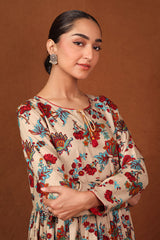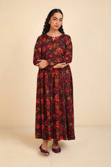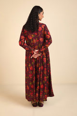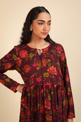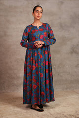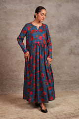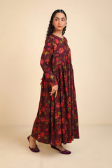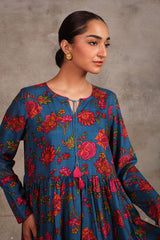 chintz printed long, flared frock featuring round neckline, embellished with tassel and pipping.Gathers around waist gives the perfect flow.
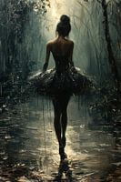 Dit trendy, intieme kunstwerk portretteert een ballerina van achteren, staand op één been, met haar andere been licht gebogen en haar armen boven haar hoofd in een elegante pose. De danseres is gekleed in een donkere tutu die lijkt te versmelten met de donkere, bijna sombere omgeving waarin ze staat. De achtergrond is uitgevoerd in koele, donkere tinten met hints van licht dat door de schaduwen heen breekt, wat een gevoel van diepte en mysterie geeft.
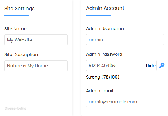 • Admin Password: Use a strong password.
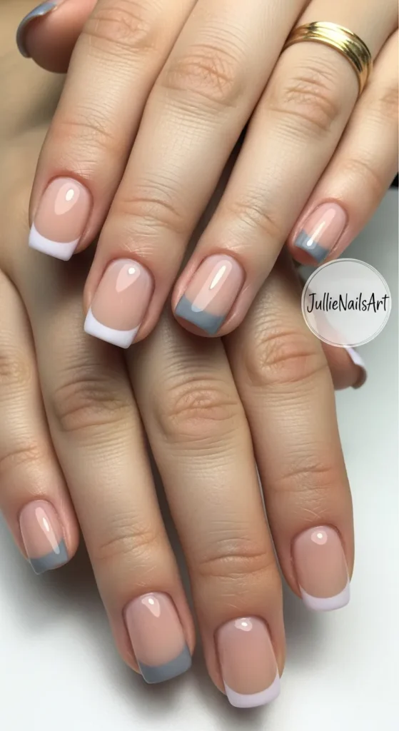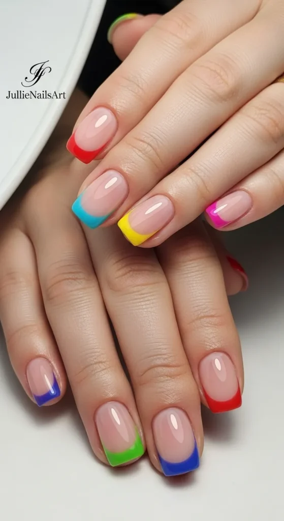 Instead of traditional white French tips, try colorful rainbow tips. Paint each nail’s tip with a different vibrant color for a fun and cheerful effect. This short nail design is playful, trendy, and perfect for those who love bold and creative looks.

*EXERCISE GOAL*:
Every line above is to be repeated exactly, but no picture is to appear in the copy.

*ANSWER FOR THIS EXERCISE*:
 chintz printed long, flared frock featuring round neckline, embellished with tassel and pipping.Gathers around waist gives the perfect flow.
 Dit trendy, intieme kunstwerk portretteert een ballerina van achteren, staand op één been, met haar andere been licht gebogen en haar armen boven haar hoofd in een elegante pose. De danseres is gekleed in een donkere tutu die lijkt te versmelten met de donkere, bijna sombere omgeving waarin ze staat. De achtergrond is uitgevoerd in koele, donkere tinten met hints van licht dat door de schaduwen heen breekt, wat een gevoel van diepte en mysterie geeft.
 • Admin Password: Use a strong password.
 Instead of traditional white French tips, try colorful rainbow tips. Paint each nail’s tip with a different vibrant color for a fun and cheerful effect. This short nail design is playful, trendy, and perfect for those who love bold and creative looks.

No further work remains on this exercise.